For UMass, this took the form of passionate nurses in the role of Clinical Coordinators, who had the responsibility of scrubbing ED and inpatient lists each morning. Then one of the coordinators went to the hospital to discuss the care of each eligible patient with the provider overseeing their care. These nurses refined their “sales pitch” to address the most common concerns of patients, providers, and caregivers:
- Safety
- Support, including in-home visits and virtual visits with the physician
- What’s required of the patient and their family caregiver (if present)
4. 24/7 Clinical Support
To scale Hospital at Home and keep the team engaged, it’s vital to have sufficient support for monitoring patient data, triaging alarms, engaging patients, and responding to questions.
The Current Health Clinical Command Center provides this first level of support for the UMass program. Through daily huddles with the UMass team, the virtual Current Health nurses act as a workforce extension, enabling an always-on, cohesive patient experience. This support enabled significant program growth, more than doubling daily admissions in 4 months.
5. Flexible clinical pathways
The UMass team is clinically nimble, so their technology must be, too. They leveraged numerous clinical pathways within the Current Health platform to be able to scale care across diagnoses and curate monitoring and alarming for each patient’s needs.
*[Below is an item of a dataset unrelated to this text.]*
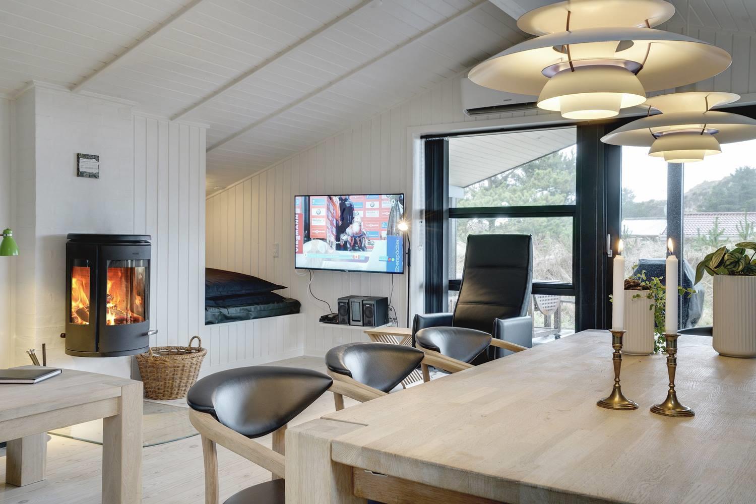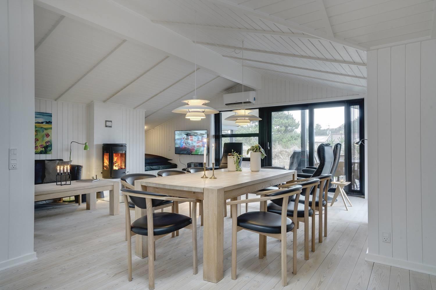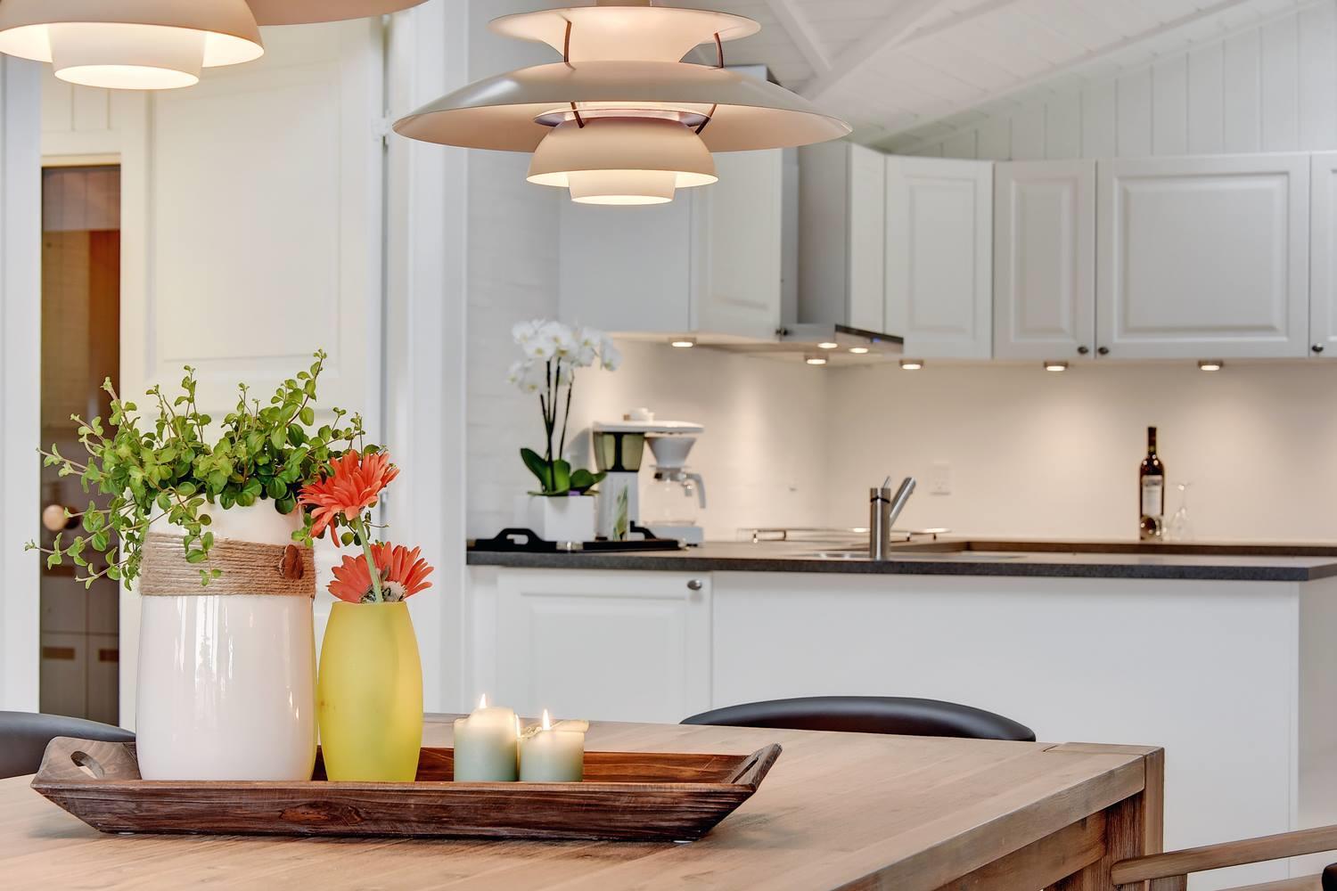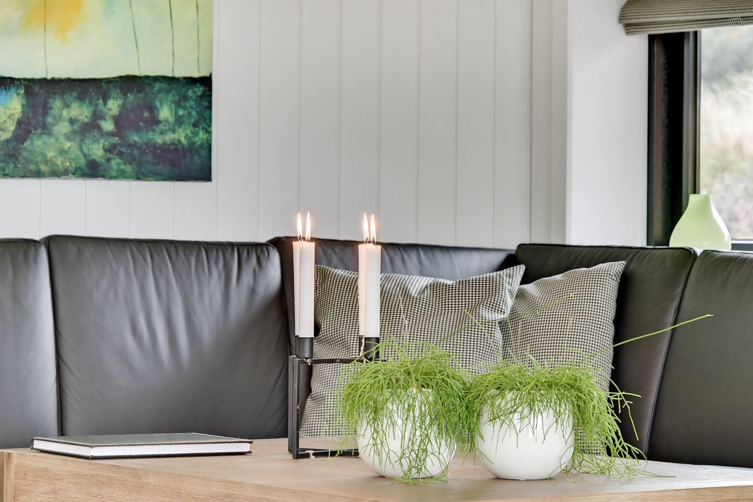 På dejlig naturgrund finder I dette stilfulde indrettede kvalitetsferiehus med carport. Flot og smagfuld møbleret stue i åben forbindelse med lækkert og veludstyret køkken.
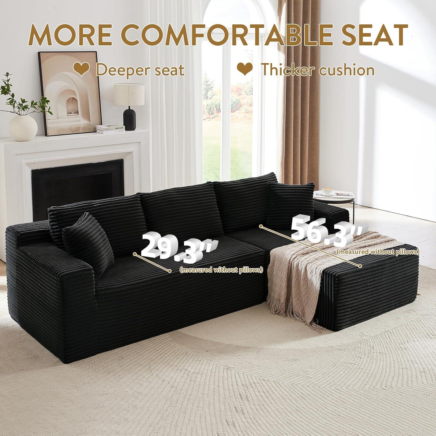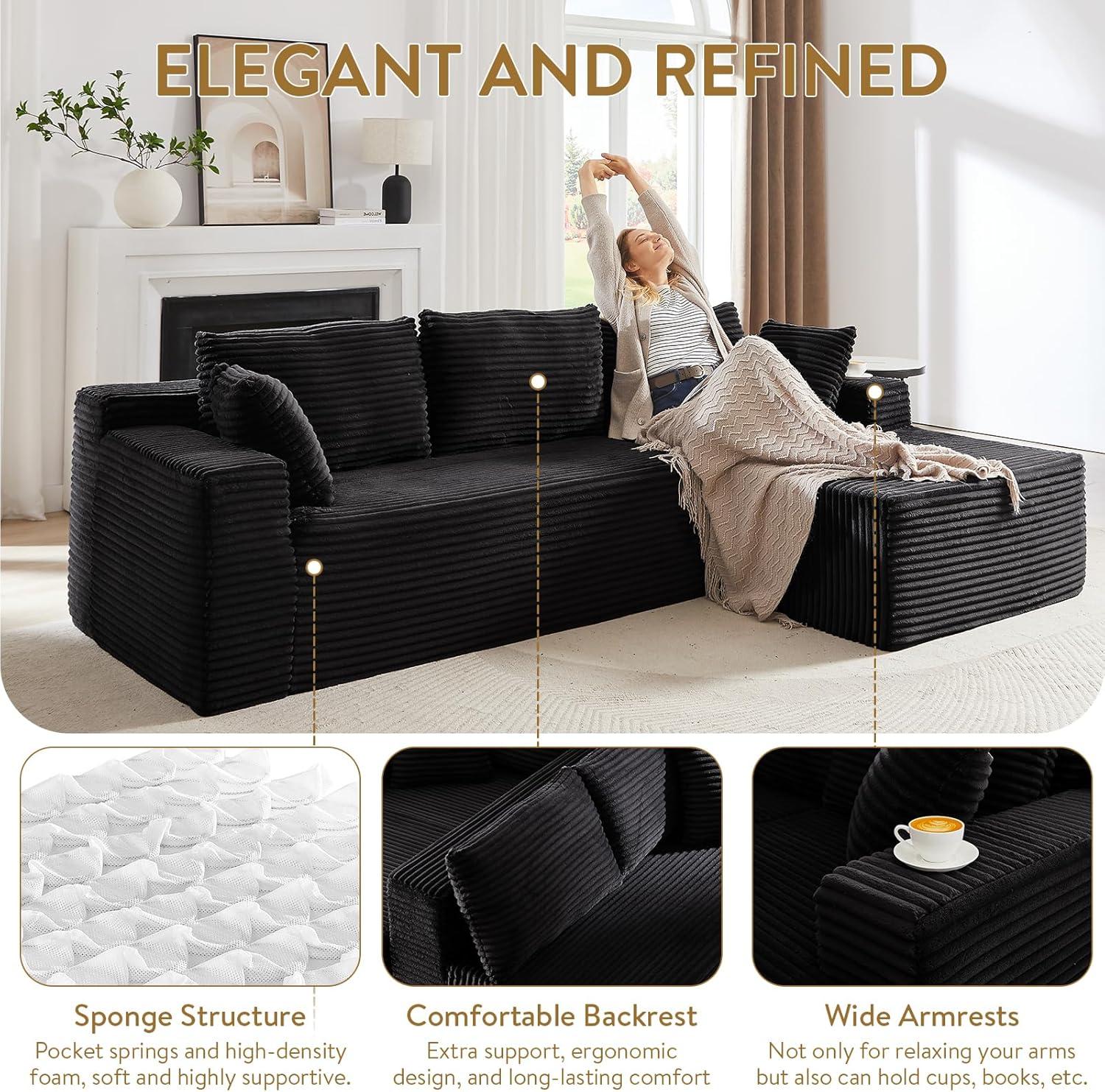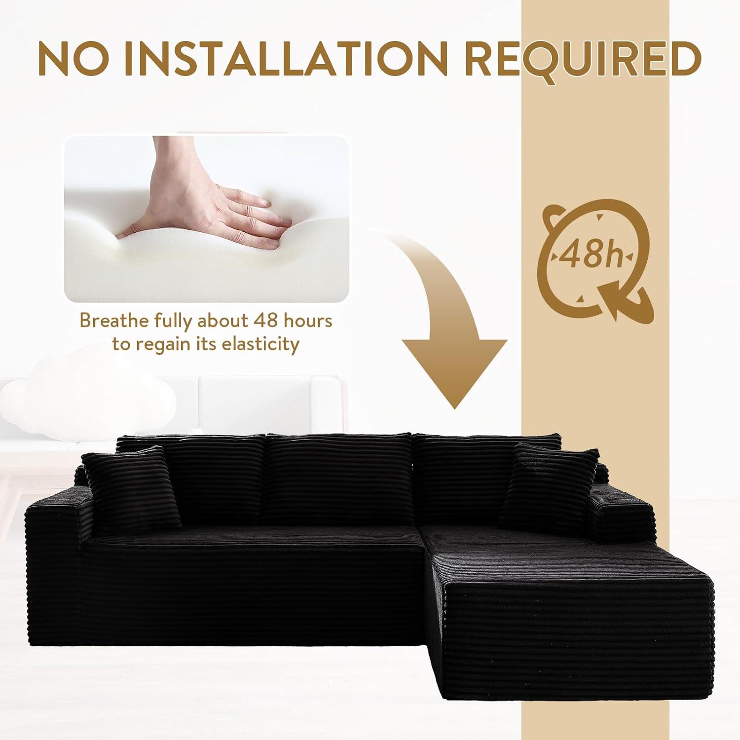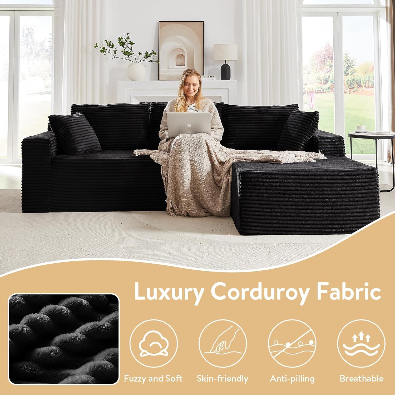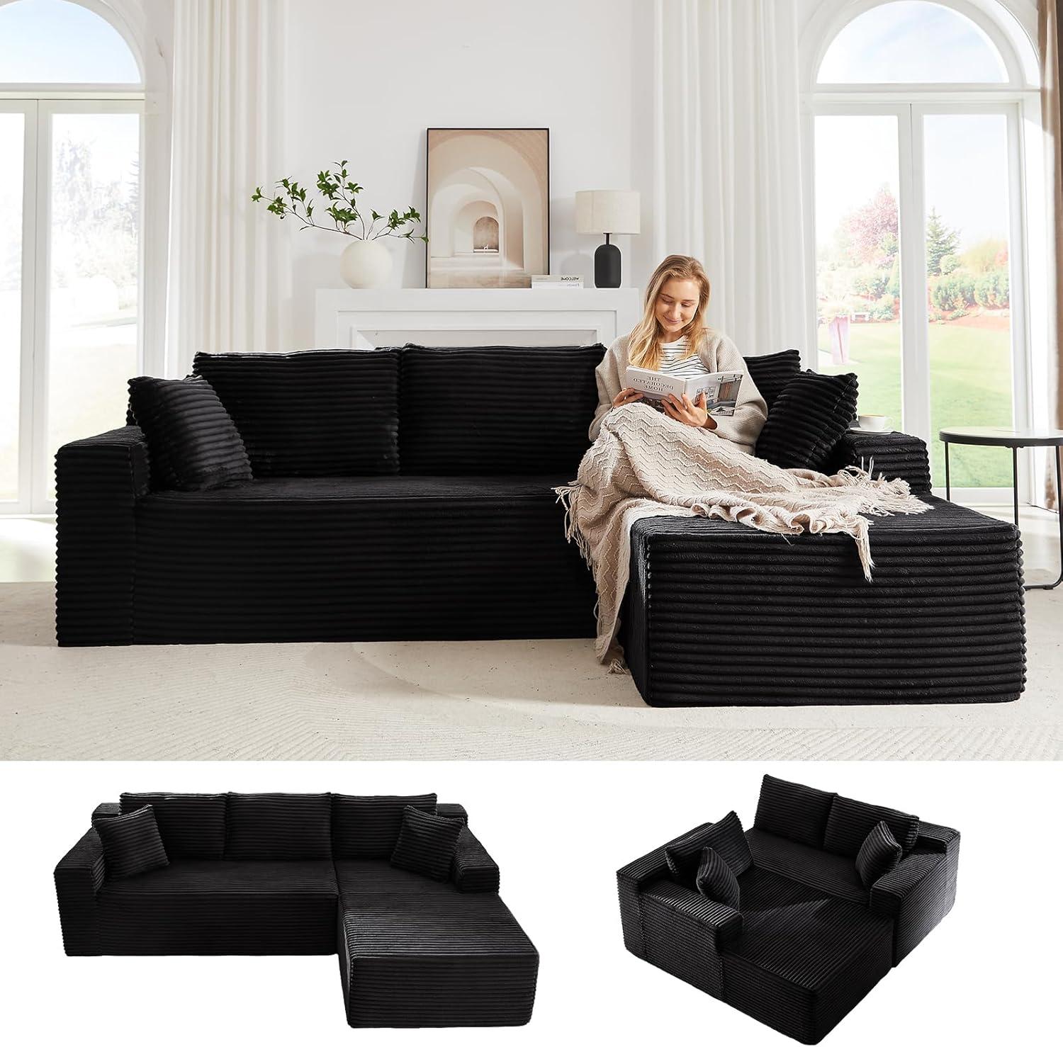 Light skimming the corduroy picks out ​the tiny ridges and makes the black ‌read warmer than ⁣the photos. it’s ​labeled the⁣ Cloud Sectional Couch with L-Shape Chaise (you’ll probably shorten it to the Cloud sectional), and in your living room it settles in as something considerable but quietly composed. At roughly 105⁣ inches the chaise ⁤pulls the ⁣eye along the room’s length; up close your hand meets a soft corduroy nap and cushions that yield and then rebound with a measured spring. Seen from across the room the modular silhouette reads modern and low, while the ⁢fabric and seams ⁢lend a lived-in softness you notice when you sit.

Current Health’s continuous and intermittent monitoring kits are configured based on each patient’s diagnosis, with intelligent alarms indicating deterioration according to each patient’s relevant risks.
6. Data and workflow integrations with the EHR
Finally, scaling patient census requires data and workflow integration. All relevant patient care notes and monitoring highlights flow back into their Epic environment, for easy viewing by both the Hospital at Home team and their referring provider. Patient demographic information is brought from Epic to Current Health, and patients can be both enrolled and discharged from either location.
The deep integration with Epic prevents duplicate work and simplifies providers’ referral and enrollment process, which helps to incentivize the inclusion of more patients within the Hospital at Home program.
Conclusion
The Hospital at Home program at UMass Memorial became one of the nation’s largest in its first year, treating more than 500 patients, showing improved clinical outcomes, and saving more than 3,000 bed days.
The potential of the Hospital at Home model to revolutionize high-acuity care is enormous, but broad-scale impact requires these models to scale to the point that they play a strategic role in the health system’s future development. Ultimately, scaling acute care at home is the result of people, processes, and technology consistently driving toward a common goal.